The very left part of the distribution on this chart possibly hints that children and infants were the priority.

auto.analyze_interaction(x='Fare', y='Age', hue='Survived', train_data=df_train, test_data=df_test)
../../_images/010a64c0ef739322b62b502aa8f626d1586fee1152351ff9f653dd6e1c7fc612.png

This chart highlights three outliers with a Fare of over $500. Let’s take a look at these:

df_train[df_train.Fare > 400]
PassengerId Survived Pclass Name Sex Age SibSp Parch Ticket Fare Cabin Embarked
258 259 1 1 Ward, Miss. Anna female 35.0 0 0 PC 17755 512.3292 NaN C
679 680 1 1 Cardeza, Mr. Thomas Drake Martinez male 36.0 0 1 PC 17755 512.3292 B51 B53 B55 C
737 738 1 1 Lesurer, Mr. Gustave J male 35.0 0 0 PC 17755 512.3292 B101 C

As you can see all 4 passengers share the same ticket. Per-person fare would be 1/4 of this value. Looks like we can add a new feature to the dataset fare per person; also this allows us to see if some passengers travelled in larger groups. Let’s create two new features and take at the Fare-Age relationship once again.
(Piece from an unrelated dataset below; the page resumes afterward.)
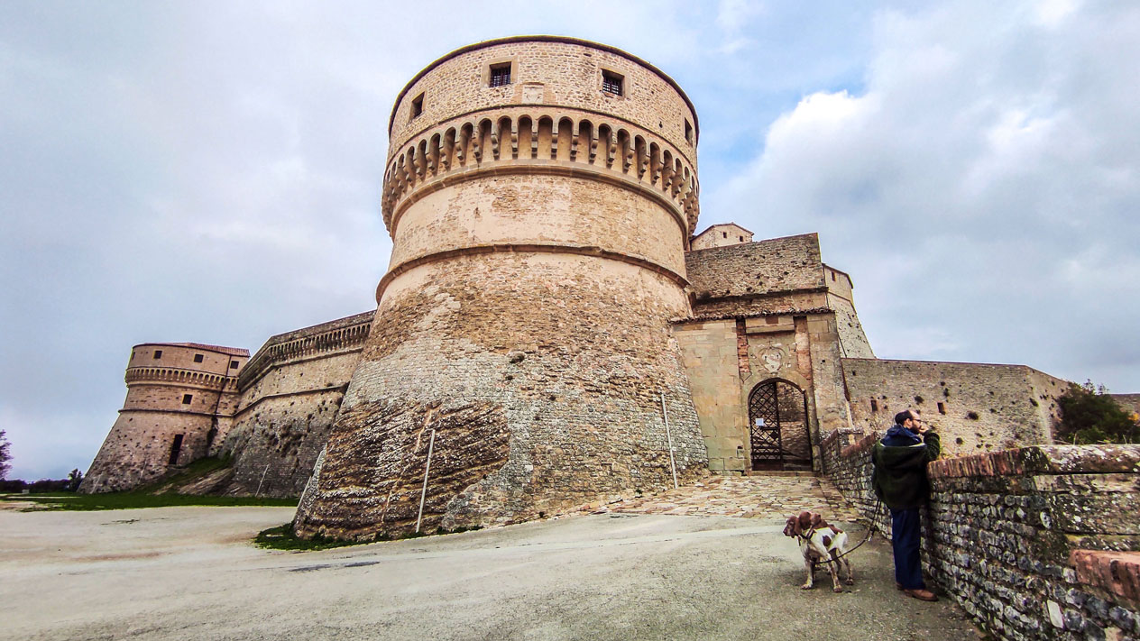 Ad una trentina di km da Rimini, incrostata su un masso roccioso, troviamo San Leo, uno dei borghi più belli e antichi d’Italia. La sua fama è legata a vicende belliche, religiose e alle personalità che ha ospitato nei secoli, tra cui Dante Alighieri e Francesco d’Assisi ma anche Felice Orsini e il Conte di Cagliostro, che finirono i loro giorni prigionieri della magnifica fortezza rinascimentale, visitabile coi cani.

ticket_to_count = df_train.groupby(by='Ticket')['Embarked'].count().to_dict()
data = df_train.copy()
data['GroupSize'] = data.Ticket.map(ticket_to_count)
data['FarePerPerson'] = data.Fare / data.GroupSize

auto.analyze_interaction(x='FarePerPerson', y='Age', hue='Survived', train_data=data)
auto.analyze_interaction(x='FarePerPerson', y='Age', hue='Pclass', train_data=data)
../../_images/f083596b56572c615c7b3c9f26a43c48b1c7fad0c446f63e3da18c755b81ea16.png ../../_images/1befc4e9be45164c79367e830e7e346947d3da823bfb61604305dd223ac88789.png

You can see cleaner separation between Fare, Pclass and Survived now.